The main bridge of Shaozhou Bridge adopts steel–concrete composite beams with a single tower and double cable surface. The span arrangement of the bridge is 33 + 102 + 183 = 318 m, and the whole bridge adopts a half-floating system. The main beam adopts a streamlined flat box beam; the cable tower adopts an arched bridge tower, and the tower column is a reinforced concrete component. The whole bridge has 26 pairs of cables, a total of 52 cables. In the concrete beam section, the distance between the cables is 6 m; in the steel box beam section, the distance between the cables is 12 m, and the vertical distance on the tower between the cables is 2.0 m. The cable-stayed cable adopts the type 250 high-strength epoxy-coated steel strand diagonal cable; the standard strength is 1860 MPa, and the cable group anchor system is adopted. To suppress cable vibrations, an external passive damper is installed near the cable beam section. Figure 5 illustrates the structural layout of the bridge, while Figure 6 shows the installation of the cable dampers

Considering the influence of different cable lengths, the A1, A7, and A13 cables of Shaozhou Bridge are selected for analysis.

Table 4. Parameters of cable-damper system of Shaozhou Bridge.
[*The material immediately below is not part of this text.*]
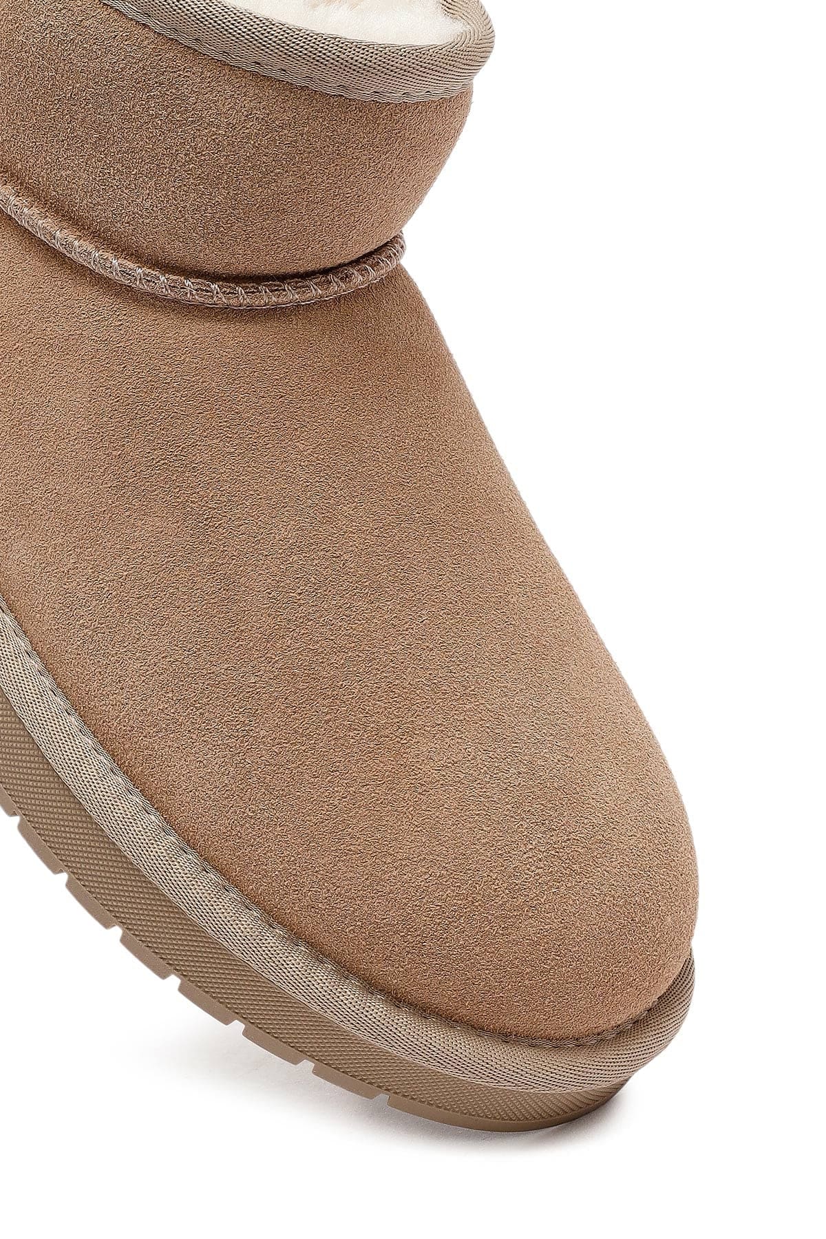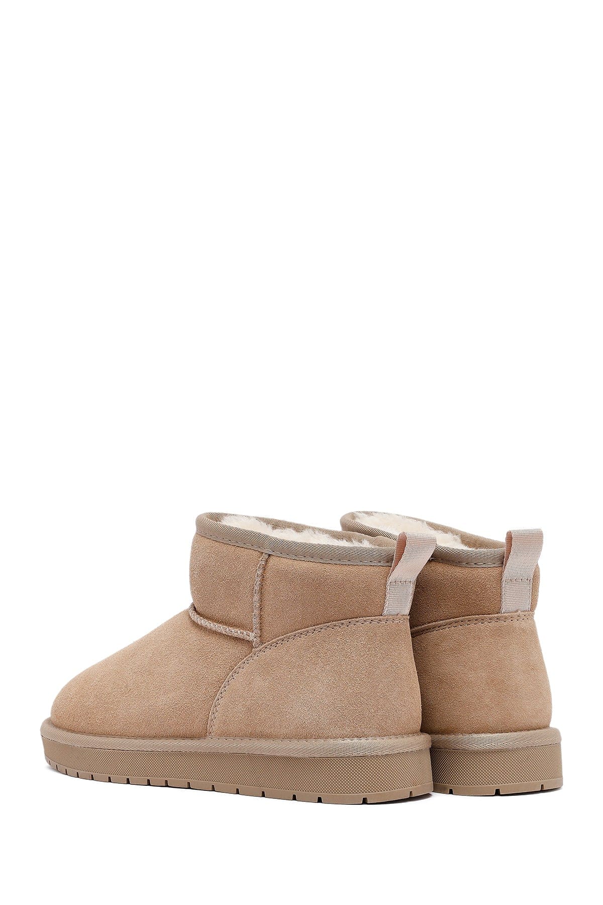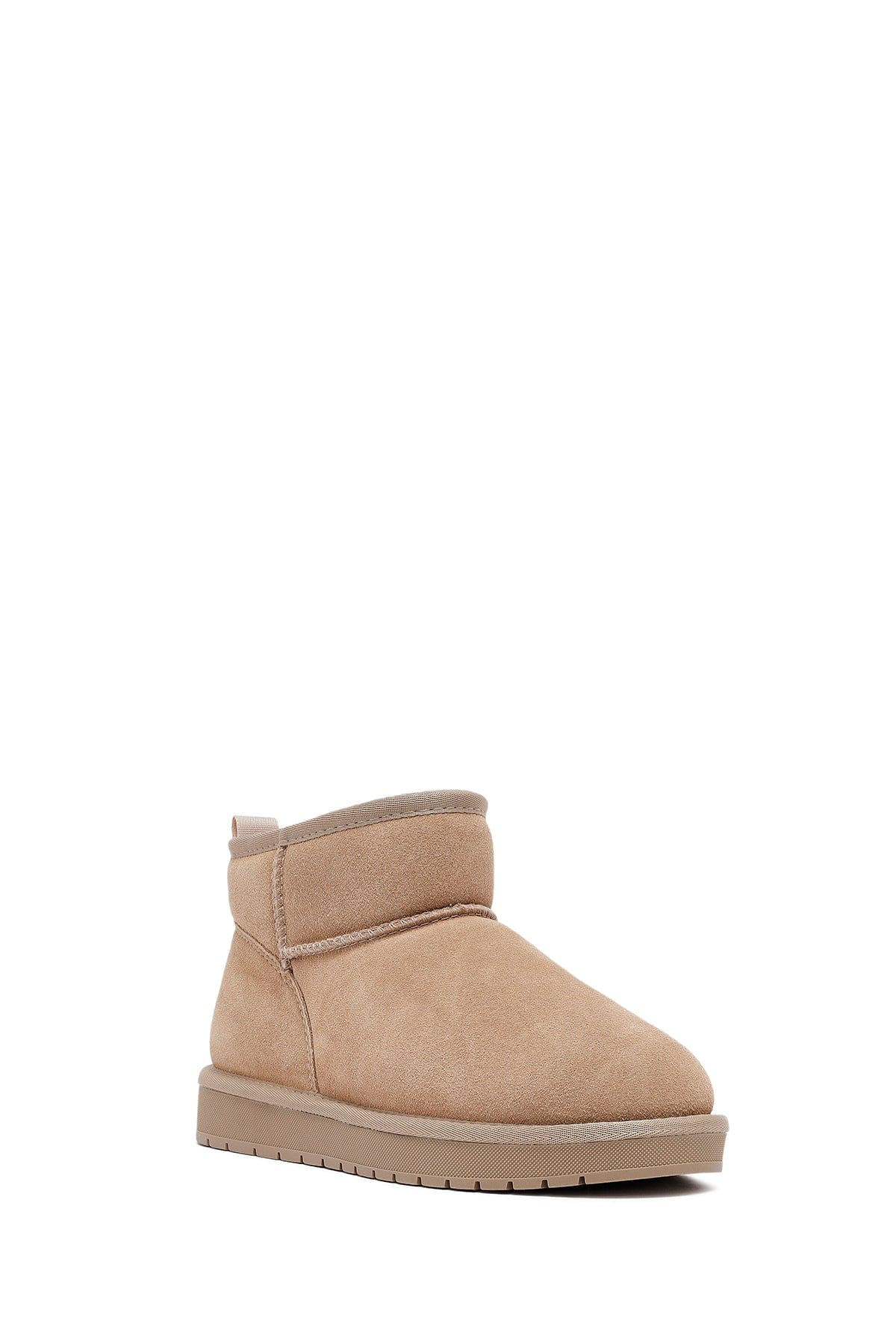 Kadın Bej Kürklü Süet Deri Teddy Bot

Cable	${\mathit{l}}_0\left(\mathbf{m}\right)$	$\mathit{m}\left(\mathbf{k}\mathbf{g}/\mathbf{m}\right)$	$\mathit{D}\left(\mathbf{m}\right)$	θ(°)	$\mathit{E}\mathit{I}\left(\mathbf{k}\mathbf{N}\cdot {\mathbf{m}}^2\right)$	$\mathit{H}\left(\mathbf{k}\mathbf{N}\right)$	${\mathit{\mu }}_1$	${\mathit{c}}_{\mathit{d}}\left(\mathbf{k}\mathbf{g}/\mathbf{m}\right)$
A1	55.2	52.6	0.160	69.746	2509	2348	0.065	200
A7	108.6	67.5	0.160	36.778	2007	3211	0.048	1000
A13	147.4	113.3	0.224	32.375	4627	6694	0.038	2300

outlines the key parameters of the cable-damper system for the cables analyzed in Shaozhou Bridge. Accelerometers are installed on the above three cables, and the sampling frequency is 50 Hz. In order to reduce the impact of vehicle load, the data at 2:00 a.m. on 1 July 2023 were selected for analysis, and the acceleration data duration was 5 min. The acceleration signal time-history curve and acceleration amplitude spectrogram are illustrated in Figure 7.

Table 5. Cable frequency results of the real bridge.
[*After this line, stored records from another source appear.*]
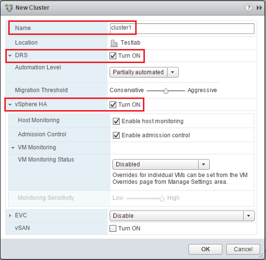 Once we choose theย New Cluster option by right clicking on our Datacenter, we have the options to Name the cluster, as well as setup DRS and vSphere HA. ย Distributed Resource Scheduler is what keeps the cluster resources balanced and new features in 6.5 even build more on on existing features. ย The vSphere HA feature uses a heartbeat mechanism to restart VM resources if they go down on a particular host.
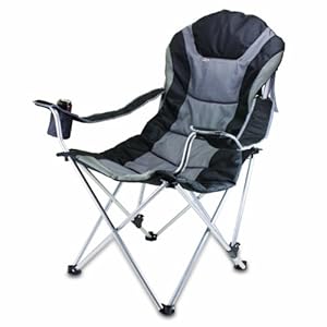 This Picnic Time Reclining Camp Chair is no ordinary camp chair. It features a folding steel frame that can hold up to 300 pounds, a padded seat and back rest covered in durable 600D polyester canvas. Three seating positions add to this chair's functionality, along with the adjustable armrests, an insulated drink holder in the right armrest, a large zippered pocket on back of chair, and a matching storage tote with carrying strap. The Reclining Camp Chair is great as a spectator chair at sporting events or for outdoor activity such as lounging by the lake or beach, camping and fishing. Throw this chair in the back end of the car, so you are never without it!
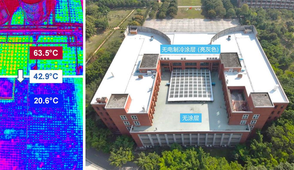 The outdoor surface temperature is reduced by 42.9°C.
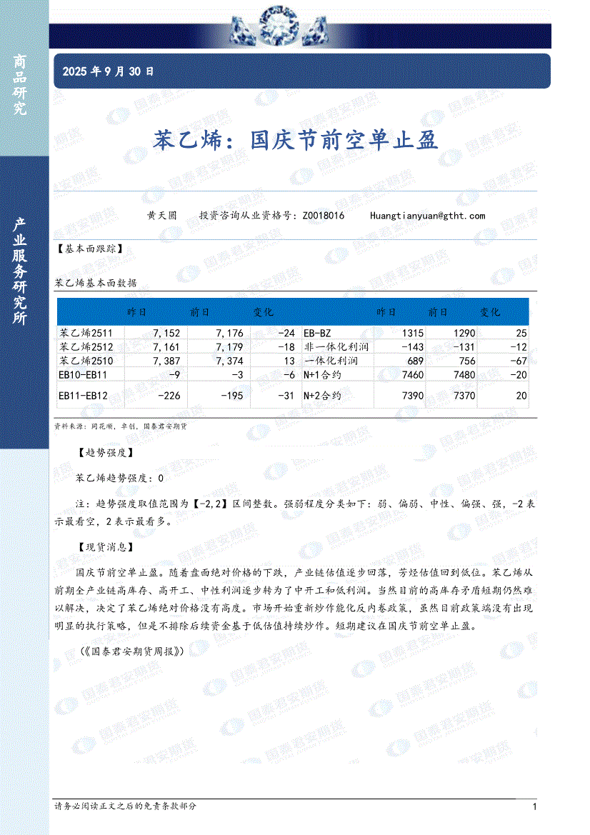 国泰君安期货-苯乙烯:国庆节前空单止盈-250929
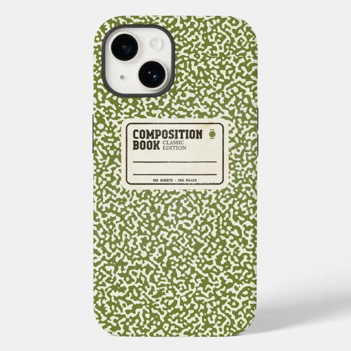 Alternatively, you can start browsing iPhone cases from this single vintage green composition notebook tough case.
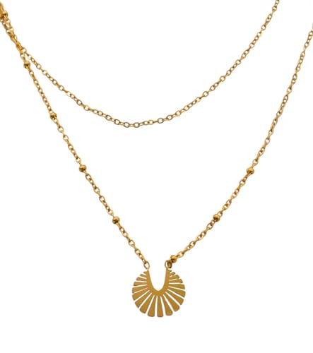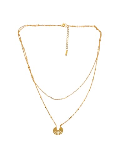 Generic - عقد بدلاية نصف دائرية من الستانلس ستيل مزدوج الطبقات للنساء - ذهبي
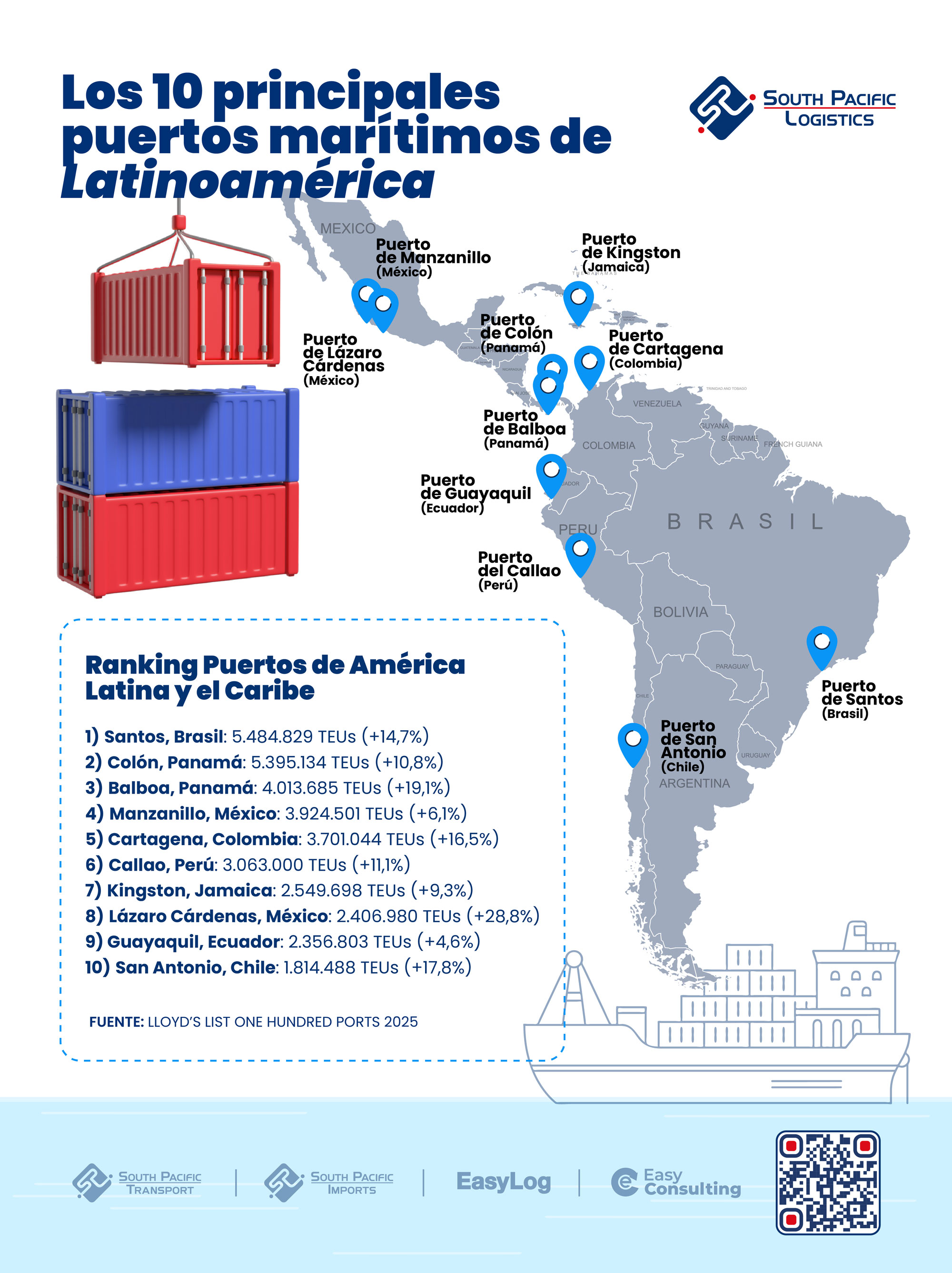 A continuación, revisamos el ranking actualizado de los 10 principales puertos de la región, junto con sus cifras más relevantes.

Cable	Order	1	2	3	4	5	6	7	8
A1	Measured	2.170	4.294	6.348	8.759	11.044	13.471	16.269	18.884
	This paper	2.167	4.256	6.458	8.725	11.090	13.568	16.178	18.937
	Error (%)	−0.1	−0.9	1.7	−0.4	0.4	0.7	−0.6	0.3
A7	Measured	1.085	2.173	3.247	4.312	5.377	6.519	7.562	8.633
	This paper	1.081	2.137	3.211	4.289	5.375	6.470	7.576	8.695
	Error (%)	−0.3	−1.7	−1.1	−0.5	0.0	−0.7	0.2	0.7
A13	Measured	0.879	1.746	2.621	3.503	4.364	5.237	6.125	6.958
	This paper	0.879	1.730	2.598	3.467	4.341	5.219	6.102	6.991
	Error (%)	0.0	−0.9	−0.9	−1.0	−0.5	−0.3	−0.4	0.5

presents the measured cable frequencies derived from the analysis in Figure 7, along with the cable frequencies calculated using the method proposed in this paper, based on the parameters in Table 4.

As can be seen from Table 5, the frequency of the cable-damper system calculated by the method in this paper is in good agreement with the measured frequencies, and the calculation errors are less than 1.7%. This verifies that the characteristic frequency equation proposed in this paper has a high precision and can accurately analyze the dynamic characteristics of the cable-damper system.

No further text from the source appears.